Tuesday, 16 February 2010
The Best Films of the Zeroes: 33
CARAMEL. (2003)
Directed by Nadine Labaki
Labaki’s debut, she writes and stars, as well as directing, is as sweet as the title suggests, but infinitely more fulfilling. Set in and around a beauty salon in Beirut, CARAMEL is warm, funny and hugely affecting. Labaki is a winning lead, beautiful and sympathetic, while her female support is equally assured.

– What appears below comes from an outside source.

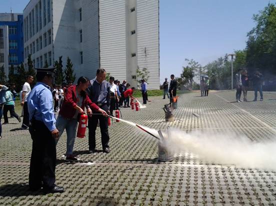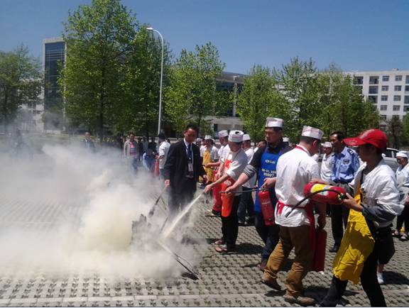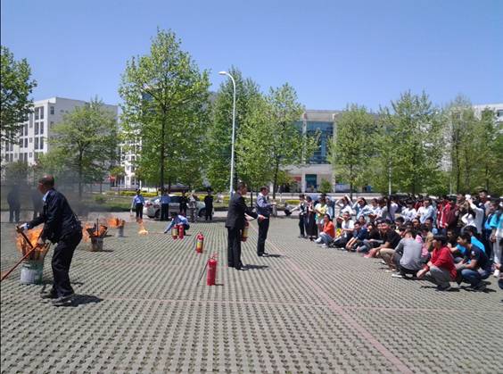 为认真贯彻落实省综治委校园及周边治安综合治理专项组办公室关于印发《2015年全省校园及周边治安综合治理工作要点》的通知(黔校园安全组〔2015〕3号)、《省教育厅办公室关于做好2015年春季开学学校安全工作的紧急通知》(黔教办安稳〔2015〕65号)和学校2015年校园及周边治安综合治理工作计划、实施方案精神,有效预防各类突发事件时能有条不紊地疏散师生远离事发现场,确保学校全体师生、员工的人身财产安全,2015年4月15日13:00时,由保卫处牵头,后勤管理处、经管系、能源系、信息系、商贸系、工程系、艺术系、中职校、物业公司等部门共同参与,组织我校师生及食堂、物业公司的300余名师生、员工在B栋教学楼、一食堂对面的空旷地带进行了防灾减灾应急疏散演练和灭火器材的使用培训。

Labaki told me that the film was a love letter to women and to her city, each is evident from every frame of her film, a film that focuses on four women, their attachments, insecurities and the obstacles in their way. Labaki’s character is having an affair with a married man, while the local policeman covets her from afar. One of the other salon girls is battling against the ravages of age, another is determined that her betrothed should believe her to be a virgin on their wedding night, while the fourth is involved in a sensuous, yet chaste, fling with a female customer.
Every shot of Labaki’s film is imbued with light and colour, it radiates warmth throughout. It’s impossible not to fall in love with her, and her city. The most affecting moments come from two older generations of Lebanese women, an older woman being romanced by a customer at her store, and her increasingly senile mother. The relationships ring absolutely true from start to finish, and it’s a work of complete assurance and huge charisma.